Joe Morrison

Personal information
- Full name: Joseph Grant Morrison
- Born: 4 October 2001 (age 24) Christchurch, New Zealand

Sport
- Sport: Field hockey
- Position: Midfield

Senior career
- Years: Team / Caps / Goals
- –: Canterbury / - / -

National team
- Years: Team / Caps / Goals
- 2023–: New Zealand / 19 / (1)

Medal record
Men's field hockey
Representing New Zealand
Oceania Cup
| Silver medal – second place | 2025 Darwin | Team |
FIH Olympic Qualifiers
| Bronze medal – third place | 2024 Muscat | Team |

= Joe Morrison (field hockey) =

New Zealand field hockey player

Joseph Grant Morrison (born 4 October 2001) is a field hockey player from New Zealand.

==Life==
Morrison was born in Christchurch, New Zealand, on 4 October 2001. His younger brother, Charlie, is also a member of the Black Sticks squad.

==Field hockey==
===Domestic league===
In the Ford National Hockey Championship, Morrison represents Canterbury.

===Black Sticks===
Morrison was first called into the Black Sticks squad in 2022. He made his debut that year during the Trans–Tasman Series in Auckland.
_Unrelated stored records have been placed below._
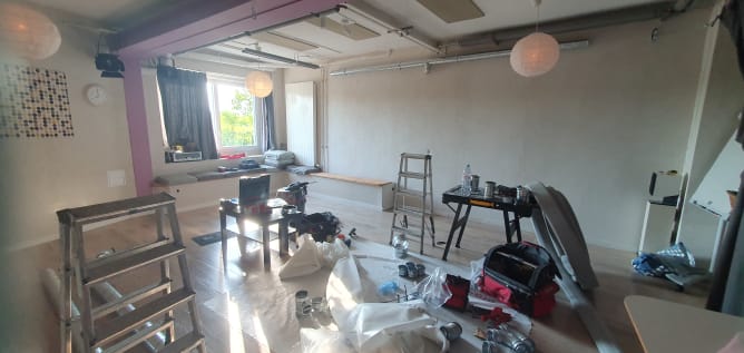 Nous attendons toujours la ventilation, car il y a eu du retard dans la livraison des tuyaux, et maintenant nous attendons un moment de congé pour pouvoir poser ses fameux tuyaux.
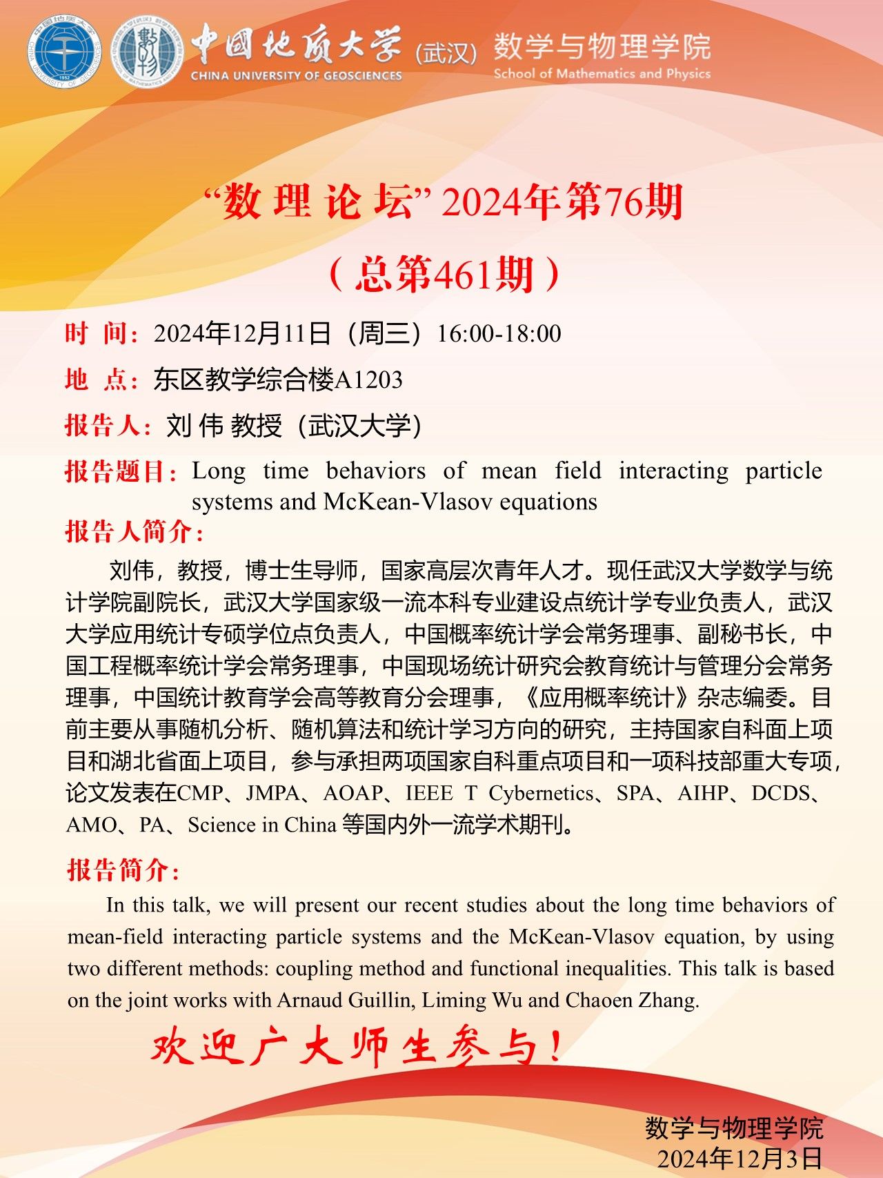 2024年12月11日刘伟教授学术讲座:Long time behaviors of mean field interacting particle systems and McKean-Vlasov equations
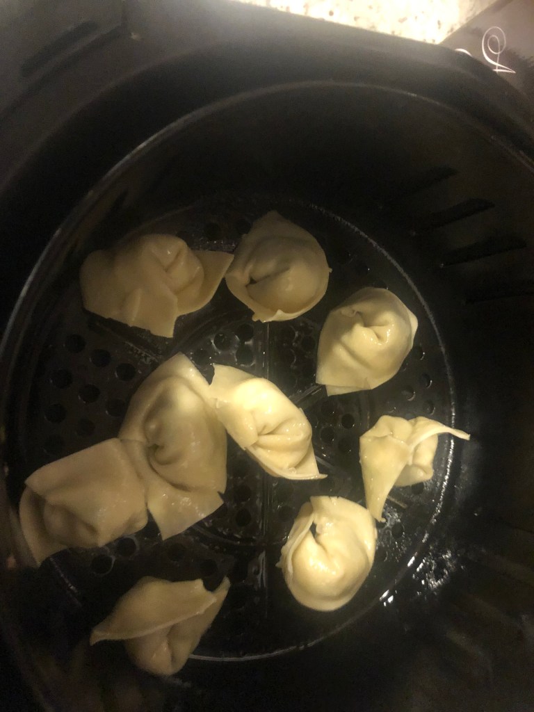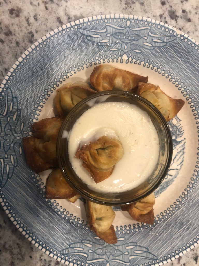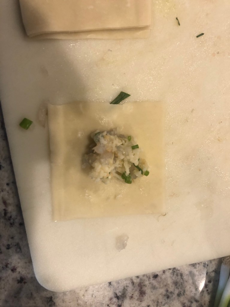 Place 1/2 teaspoon of mixture on center of wrapper; wet each edge and fold top to bottom; press to seal. Then pull solid bottoms corners to touch, sealing completely.

He went on to make further appearances that year, during a test series against the Netherlands in Eindhoven, as well as season four of the FIH Pro League.

In 2023 he was a member of the squad at the FIH World Cup in Bhubaneswar and Rourkela.

He competed at the 2024 FIH Olympic Qualifiers in Muscat, winning a bronze medal.